One of my first collective experiences of this was working with Jenny Brice when she was director of HR at Fuji Xerox. As part of the CLA day, she asked all executives to come dressed as their favorite characters. She designed the conference room with images of European fairy tales. They then understood this was not just about developing the new national strategy but being clear who each person in the room was and could be. She came as Robyn Hood, commented on how females figures were often timid, supplicant, and thus she switched from Robin to Robyn Hood.  At another meeting, the day was difficult in that there was a battle of vice-presidents, each claiming attention from the organization’s President. Ultimately, one became more and more argumentative. The organizational story was Cinderella, waiting for Prince Charming (government funding). As she became more and more upset, I asked her: “who are you.” She yelled out,  isn’t it obvious. I am the step-sister.” The project fell apart thereafter. What she said was powerful but there was no way for the other vice-president, the favorite to now say who she was, as I had not prepared the conceptual context for inner story-telling as part of our futures day. From that meeting onwards, I made sure even as we did scenarios and CLA of the external world, we spend some time at every meeting/workshop engaged in the CLA of the self.

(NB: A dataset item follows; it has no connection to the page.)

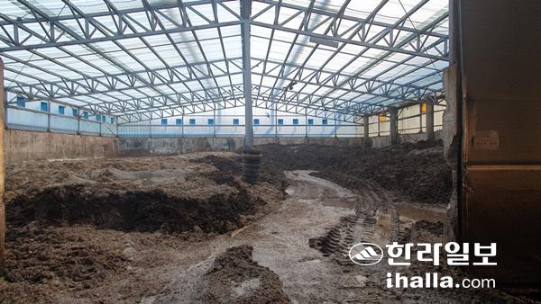 최근 제주시 봉개동 음식물자원화시설 내 창고에 쌓인 탈수케잌들.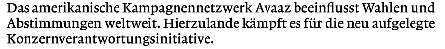 Die Avaaz-Gemeinschaft führt Kampagnen in 17 Sprachen durch, unterstützt von einem Kernteam, das auf 6 Kontinenten verteilt ist, und Tausenden von Freiwilligen. Unser Einsatz ist vielfältig: Wir unterzeichnen Petitionen, finanzieren Medienkampagnen und Protestaktionen, treten durch E‑Mails und mit Anrufen in Kontakt mit Regierungen und organisieren “offline” Proteste und Veranstaltungen — um sicherzustellen, dass die Ansichten und Werte der Menschen auf der ganzen Welt in die Entscheidungen einfließen, die uns alle betreffen (aus der Avaaz-Website)

This inner clarity whether working on organizational issues or personal issues increases the chance of success. 

Working with doctoral students, I make sure to spend a great deal of time, determining who I am in their story. One said, he wished to become a rockstar, and my purpose was the booking agent. From the beginning, I sought out avenues for him to express his extroverted personality. Another saw me as the camel driver taking him to the oasis of academic achievement. In this case,  I made sure to keep him on track and not wander to desert mirages.

With the Pearls of Policing program, similarly, we ask police executives their core metaphor in policing. We do this on the first day of and at the end of the project.  The narrative helps set up their preferred future, where they wish to be. If they feel they are like superman in a world where kryptonite is increasing, we help them change their narrative to, for example, the Avengers (ie police partnerships) or if they are technical-minded to transforming the kryptonite instead something less deadly or to find ways to protect.

If an organization and institution creates new visions and futures but individuals within these structures do not feel empowered or are hamstrung then we have not done our job. CLA of the self intends to change our story, so we can create new futures.